About this exercise: The reply should match the listing below character for character, except that no image is carried over.

----

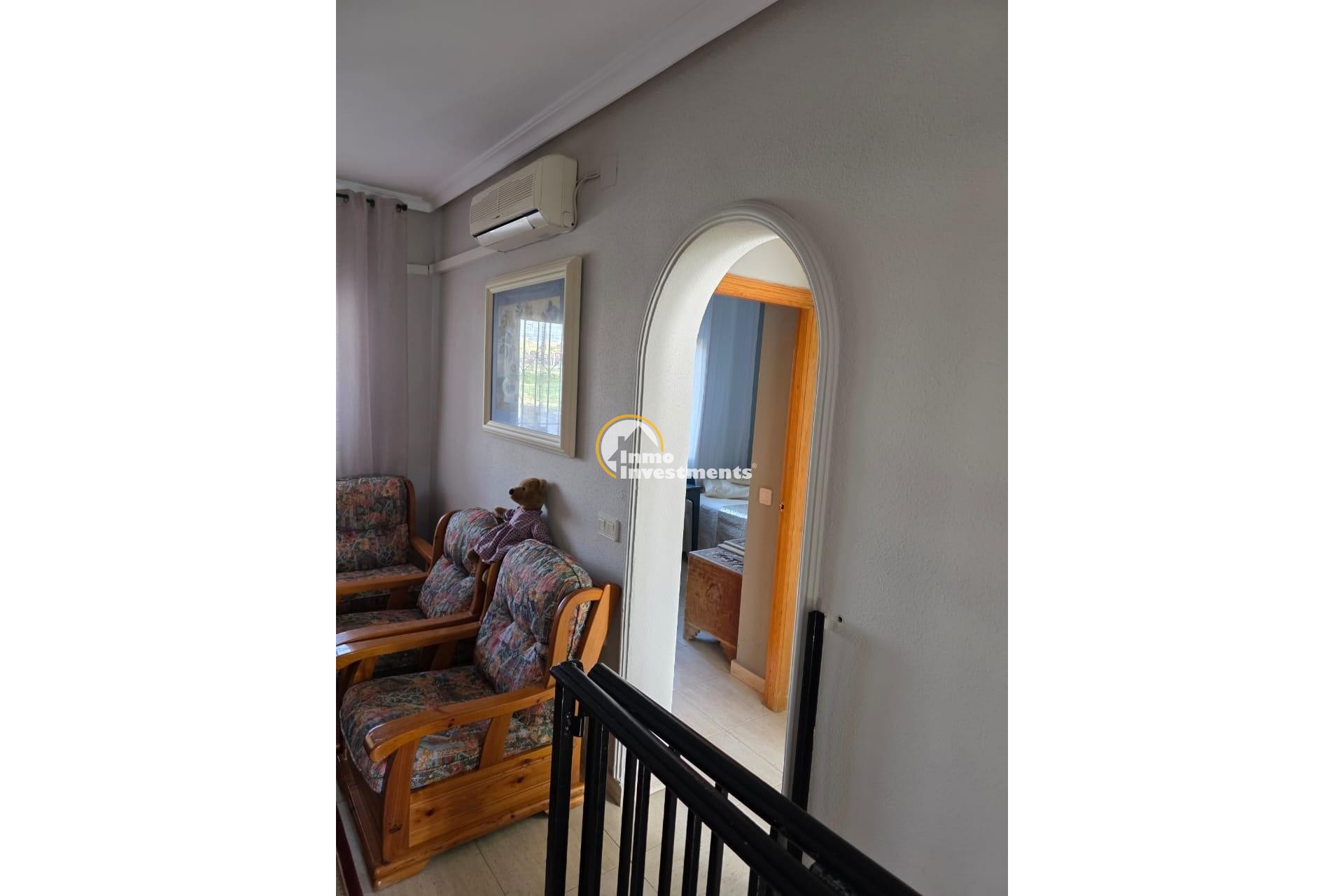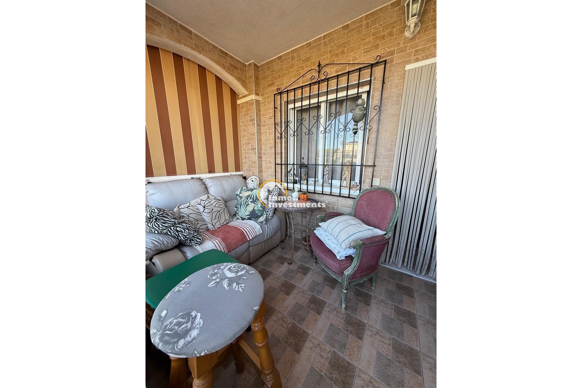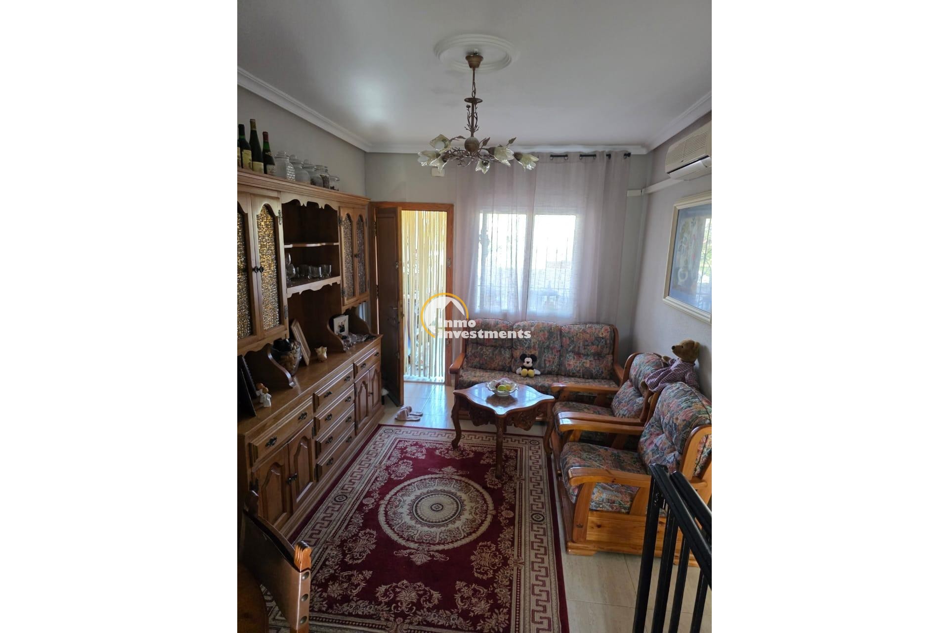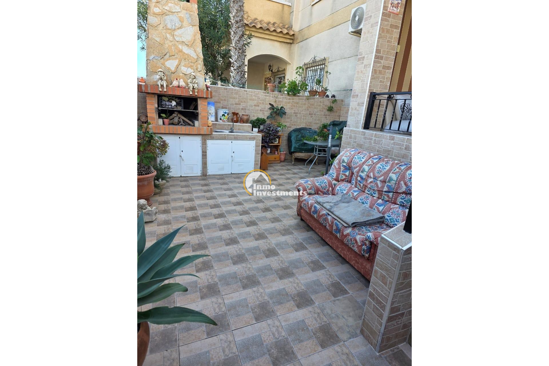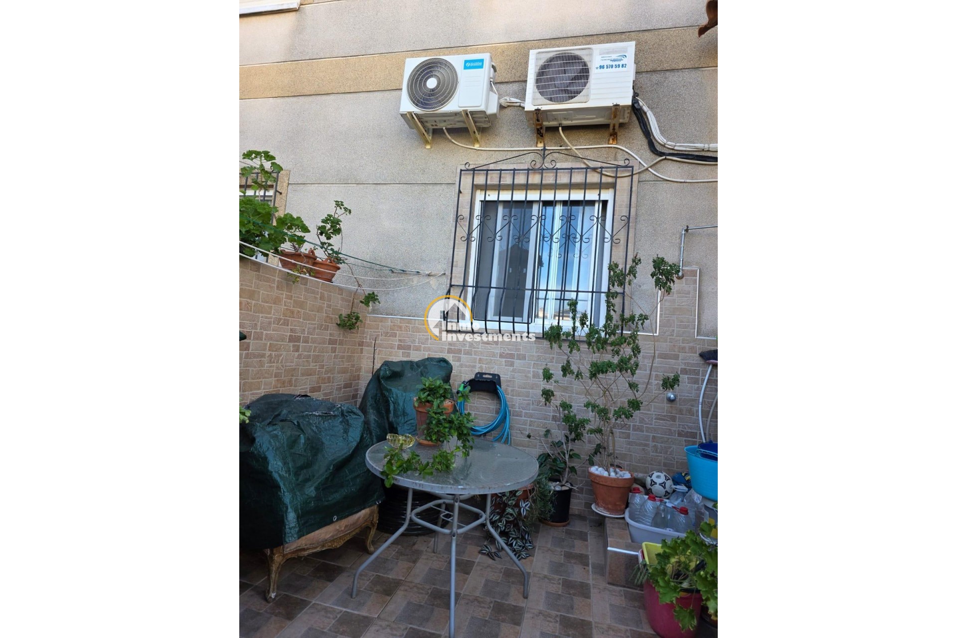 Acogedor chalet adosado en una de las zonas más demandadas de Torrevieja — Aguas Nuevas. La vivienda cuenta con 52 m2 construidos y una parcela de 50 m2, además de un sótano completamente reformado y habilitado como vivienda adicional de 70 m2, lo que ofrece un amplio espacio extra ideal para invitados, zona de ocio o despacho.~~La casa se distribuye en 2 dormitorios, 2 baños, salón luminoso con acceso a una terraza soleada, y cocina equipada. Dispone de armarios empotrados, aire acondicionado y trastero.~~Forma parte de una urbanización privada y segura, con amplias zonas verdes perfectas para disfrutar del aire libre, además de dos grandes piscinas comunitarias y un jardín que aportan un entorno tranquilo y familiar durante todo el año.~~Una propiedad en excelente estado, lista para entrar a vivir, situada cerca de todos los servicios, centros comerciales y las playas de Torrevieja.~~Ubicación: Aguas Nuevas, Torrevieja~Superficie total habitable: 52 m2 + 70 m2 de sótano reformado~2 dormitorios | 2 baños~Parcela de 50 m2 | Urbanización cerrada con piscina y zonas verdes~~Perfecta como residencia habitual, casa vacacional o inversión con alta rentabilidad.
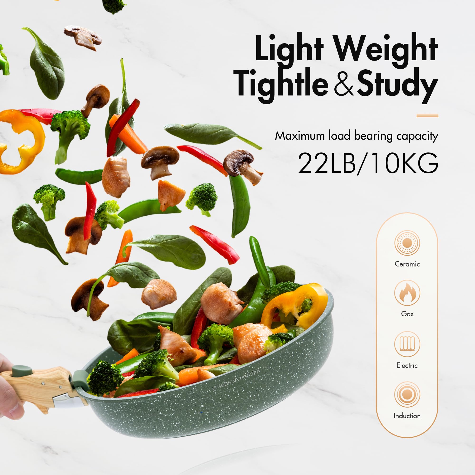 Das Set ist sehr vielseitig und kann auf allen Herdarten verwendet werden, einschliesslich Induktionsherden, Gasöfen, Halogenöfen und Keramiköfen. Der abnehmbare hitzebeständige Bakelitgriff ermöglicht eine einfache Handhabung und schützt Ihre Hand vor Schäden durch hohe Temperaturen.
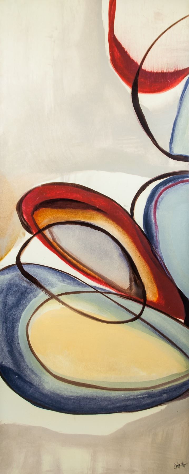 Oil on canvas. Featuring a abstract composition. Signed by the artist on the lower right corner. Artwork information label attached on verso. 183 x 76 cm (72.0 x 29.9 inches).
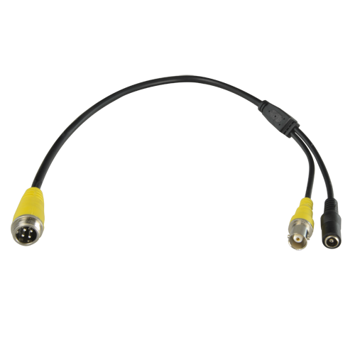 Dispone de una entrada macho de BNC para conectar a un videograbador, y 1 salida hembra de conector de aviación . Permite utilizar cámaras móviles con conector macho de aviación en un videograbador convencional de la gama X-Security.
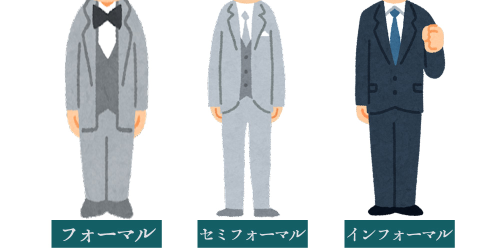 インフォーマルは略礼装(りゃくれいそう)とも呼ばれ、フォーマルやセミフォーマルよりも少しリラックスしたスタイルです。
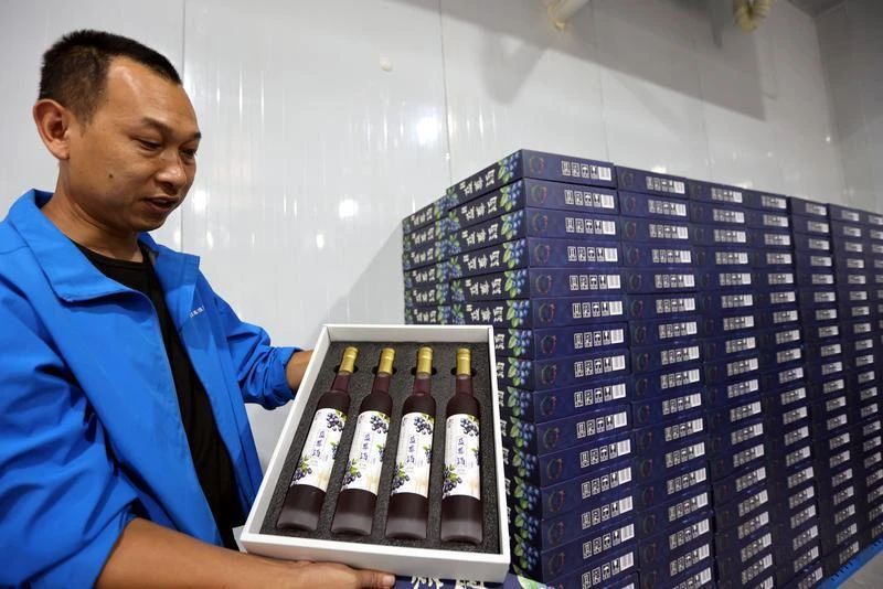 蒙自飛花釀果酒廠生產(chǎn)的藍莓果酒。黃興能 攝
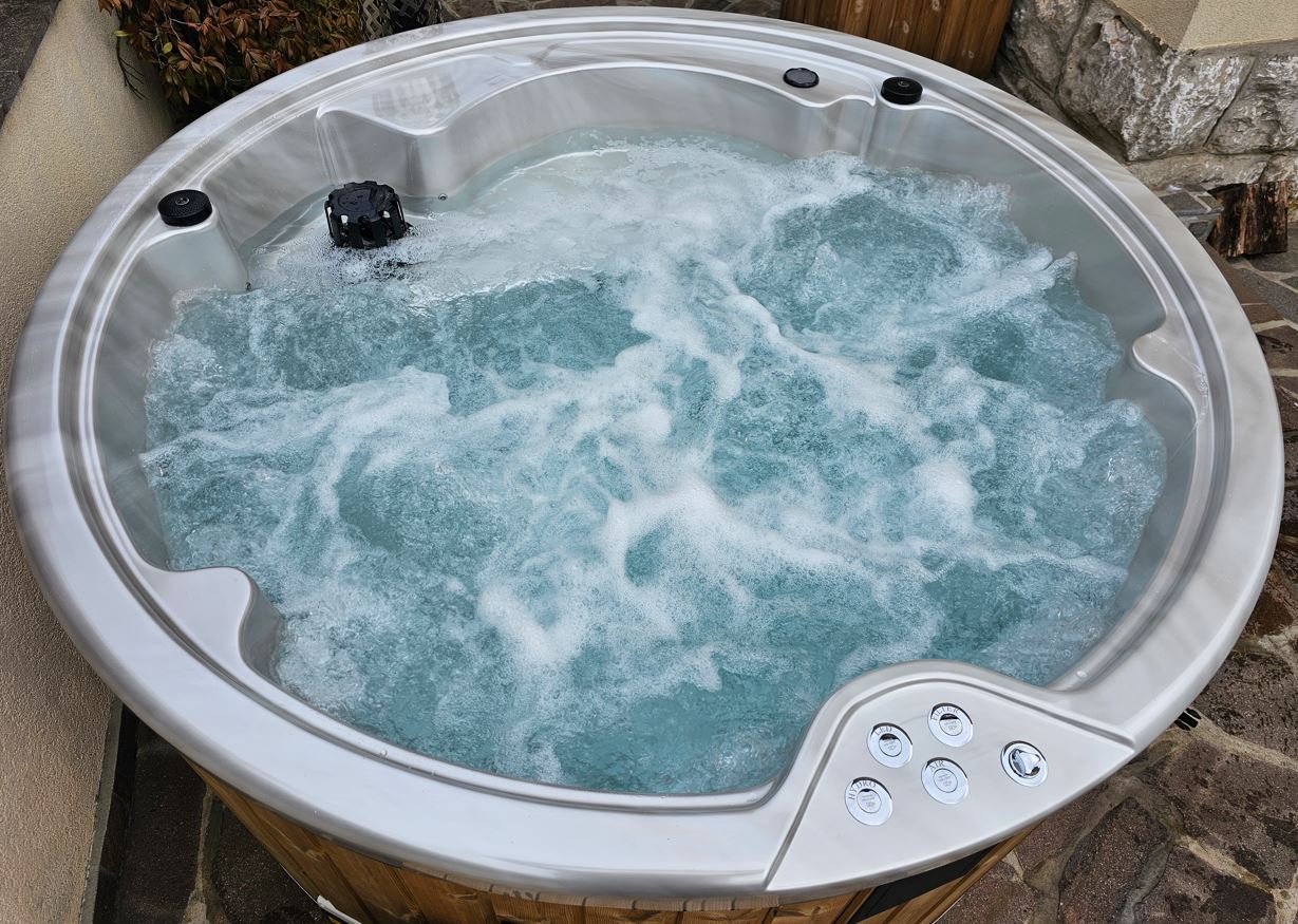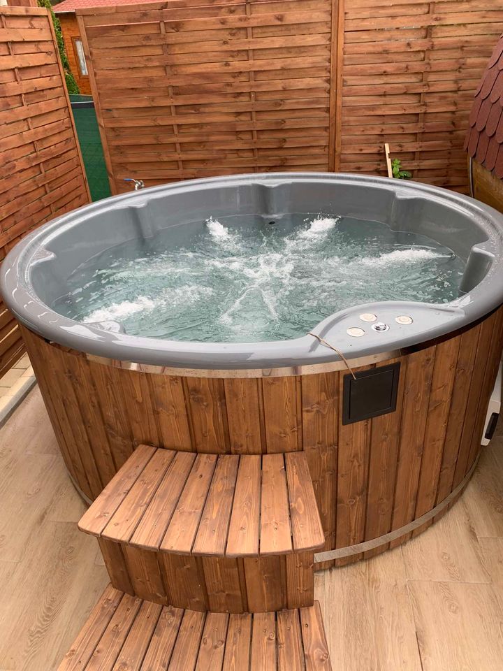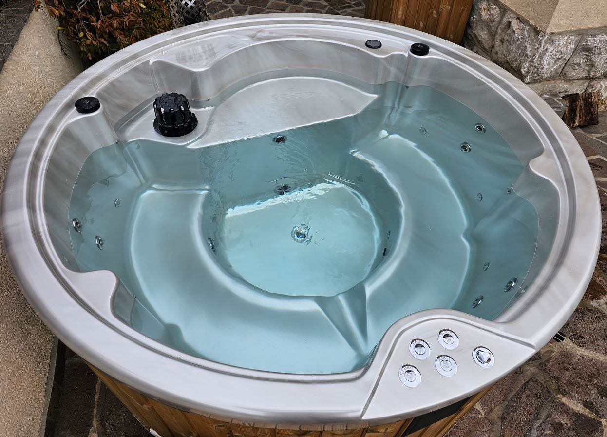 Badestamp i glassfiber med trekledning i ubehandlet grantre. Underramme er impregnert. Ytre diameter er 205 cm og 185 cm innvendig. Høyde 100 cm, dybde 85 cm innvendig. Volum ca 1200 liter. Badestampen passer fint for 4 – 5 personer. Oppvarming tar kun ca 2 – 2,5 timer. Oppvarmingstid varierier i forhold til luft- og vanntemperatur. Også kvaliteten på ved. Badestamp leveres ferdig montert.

----

Exercise answer:
 Acogedor chalet adosado en una de las zonas más demandadas de Torrevieja — Aguas Nuevas. La vivienda cuenta con 52 m2 construidos y una parcela de 50 m2, además de un sótano completamente reformado y habilitado como vivienda adicional de 70 m2, lo que ofrece un amplio espacio extra ideal para invitados, zona de ocio o despacho.~~La casa se distribuye en 2 dormitorios, 2 baños, salón luminoso con acceso a una terraza soleada, y cocina equipada. Dispone de armarios empotrados, aire acondicionado y trastero.~~Forma parte de una urbanización privada y segura, con amplias zonas verdes perfectas para disfrutar del aire libre, además de dos grandes piscinas comunitarias y un jardín que aportan un entorno tranquilo y familiar durante todo el año.~~Una propiedad en excelente estado, lista para entrar a vivir, situada cerca de todos los servicios, centros comerciales y las playas de Torrevieja.~~Ubicación: Aguas Nuevas, Torrevieja~Superficie total habitable: 52 m2 + 70 m2 de sótano reformado~2 dormitorios | 2 baños~Parcela de 50 m2 | Urbanización cerrada con piscina y zonas verdes~~Perfecta como residencia habitual, casa vacacional o inversión con alta rentabilidad.
 Das Set ist sehr vielseitig und kann auf allen Herdarten verwendet werden, einschliesslich Induktionsherden, Gasöfen, Halogenöfen und Keramiköfen. Der abnehmbare hitzebeständige Bakelitgriff ermöglicht eine einfache Handhabung und schützt Ihre Hand vor Schäden durch hohe Temperaturen.
 Oil on canvas. Featuring a abstract composition. Signed by the artist on the lower right corner. Artwork information label attached on verso. 183 x 76 cm (72.0 x 29.9 inches).
 Dispone de una entrada macho de BNC para conectar a un videograbador, y 1 salida hembra de conector de aviación . Permite utilizar cámaras móviles con conector macho de aviación en un videograbador convencional de la gama X-Security.
 インフォーマルは略礼装(りゃくれいそう)とも呼ばれ、フォーマルやセミフォーマルよりも少しリラックスしたスタイルです。
 蒙自飛花釀果酒廠生產(chǎn)的藍莓果酒。黃興能 攝
 Badestamp i glassfiber med trekledning i ubehandlet grantre. Underramme er impregnert. Ytre diameter er 205 cm og 185 cm innvendig. Høyde 100 cm, dybde 85 cm innvendig. Volum ca 1200 liter. Badestampen passer fint for 4 – 5 personer. Oppvarming tar kun ca 2 – 2,5 timer. Oppvarmingstid varierier i forhold til luft- og vanntemperatur. Også kvaliteten på ved. Badestamp leveres ferdig montert.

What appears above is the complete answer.